LDM-based A.I. is really just a process of high grade mimicry. Lots of data gets crunched, a question is asked, and then an algorithm just blindly follows the most likely path from the question to some imitation of the data. There is no actual will or purpose involved in the process.

In a sense, it’s a though the computer is dreaming. The computer is processing lots of material and producing hallucinations in response to that processing. Which is what we do when we dream.

The difference is that at some point we wake up, and then we regain a sense of purpose. The computer never wakes up, because it cannot.

Perhaps one day, probably many years from now, a computer will gain the capacity to wake up. And then I suspect we might all be in trouble.

But that would require a completely different approach to A.I. For now, we can just let them dream.

On hold

I remember many years ago looking at my landline telephone and thinking “I know there’s a computer in there. Why can’t I access it?”

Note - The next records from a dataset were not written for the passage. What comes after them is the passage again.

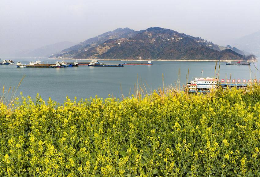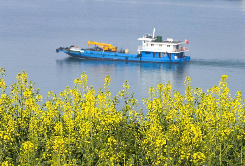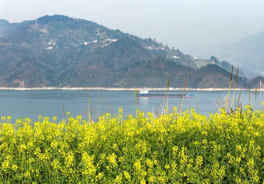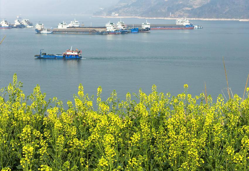 湖北日报客户端讯(通讯员吴承忠)时下,长江三峡地区春风送暖,峡江两岸的油菜花次第开放,美不胜收。图为2026年2月8日,船舶航行在长江三峡西陵峡湖北省宜昌市秭归县茅坪镇水域。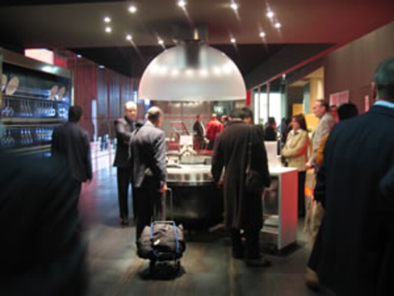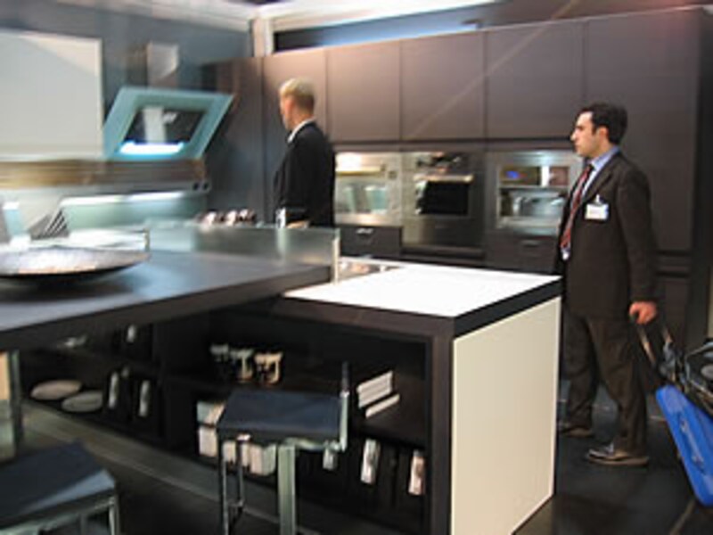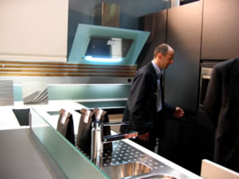 | 遠来の日本人を大歓迎。ロープをはり巡らした中に入れてくれ、実演してくれる。 日本でこのキッチンが売れないだろうかと一生懸命に売り込まれた。『アイデアは面白いけれど・・・』 |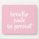 Breathe Smile Be Present Pink Affirmation Quote Mouse Pad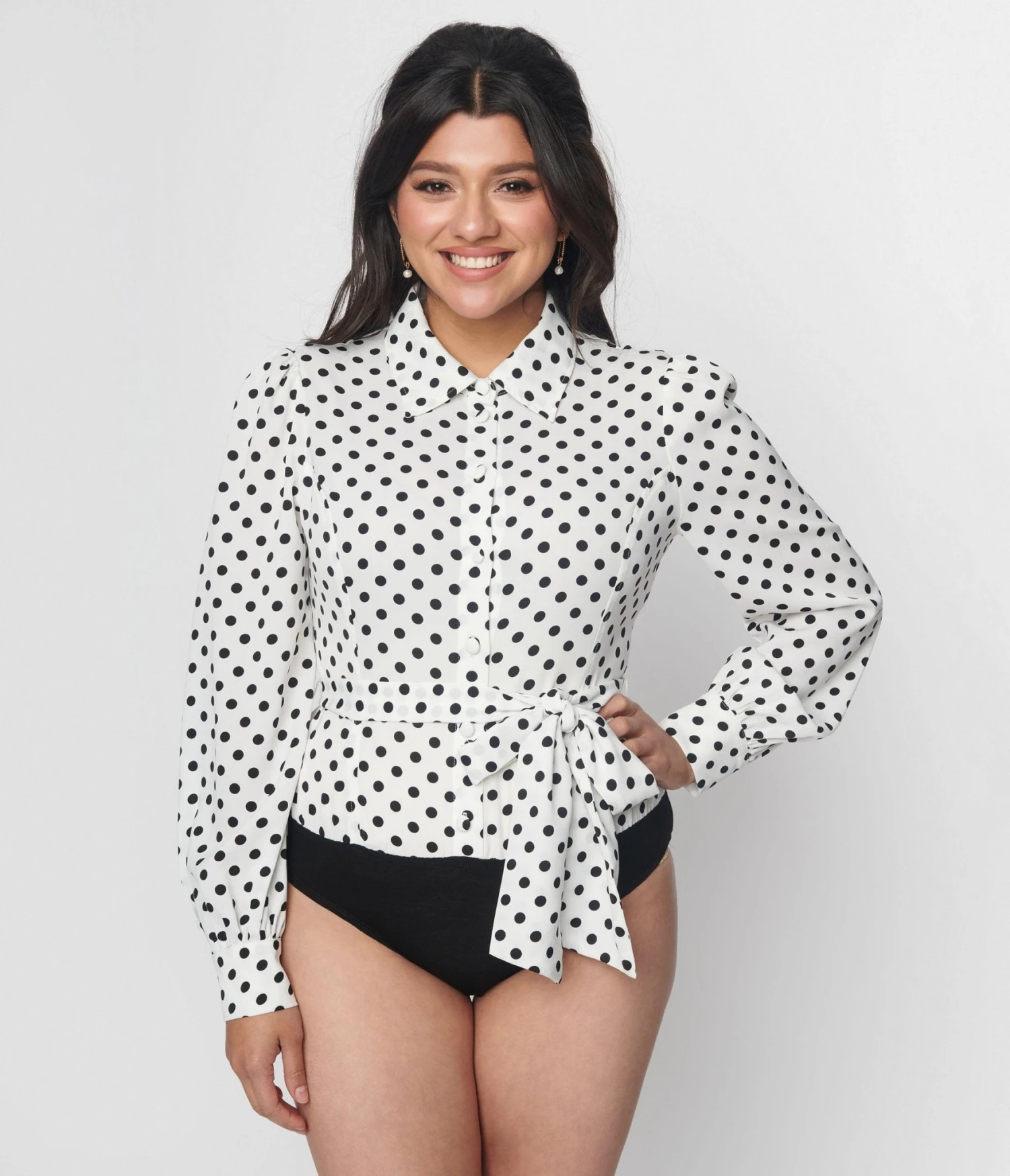 Unique Vintage White & Black Polka Sashed Bodysuit
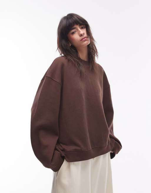 Topshop oversized seamed sweatshirt in dark brown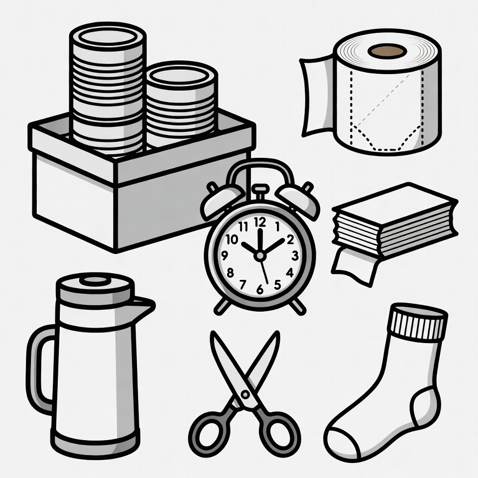 Line art clipart illustration features a stack of plates in a box, toilet paper rolls, an alarm clock showing time, a thermos jug, scissors, stacked paper, and a sock. All items are depicted in simple black outlines on a white background. The objects are arranged loosely together without overlapping.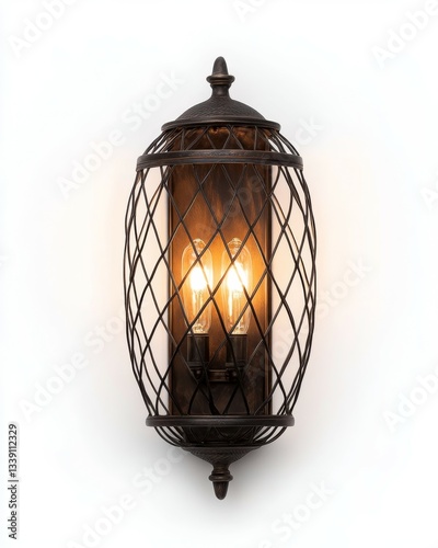 © Jardel Bassi, Naklejka premium A metal wall lamp with three bulbs, casting warm light inside the iron cage over a white background. The entire body is made of black bronze material and has an ancient European-style pattern on it.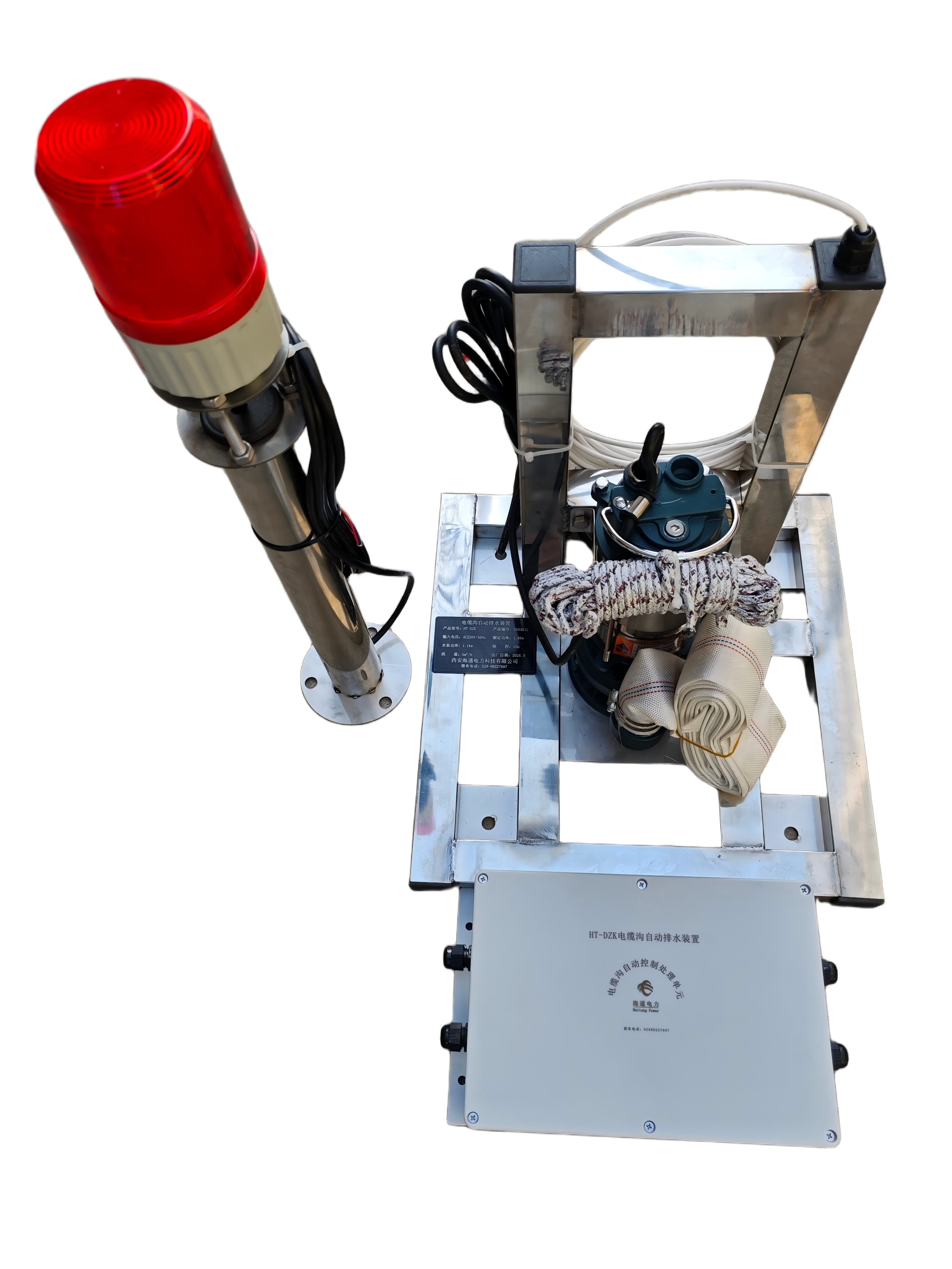 HT-DZK-II 电缆沟监测自动排水装置由液位传感器、控制处理单元、潜水泵、声光报警及多种电气配件组成, 可通过 RS485 或 4-20ma 远端传输,实现对电缆沟内的积水监测,超标自动抽排。

Now in this modern age when we all have smartphones, you can indeed program your phone in all sorts of ways. We look back now on the way these things used to work, and we wonder why anybody ever put up with it.

Last night I called a restaurant from my smartphone and they put me on hold. I waited for 10 minutes while I was forced to listen to their stupid on-hold music. And I thought to myself, “Why do I have to listen to their music? Why can’t I program this thing so that I can listen to my music instead?”

I wonder whether in the future that will become possible. Maybe one day we will look back on the way these things work today, and we will wonder why anybody ever put up with it.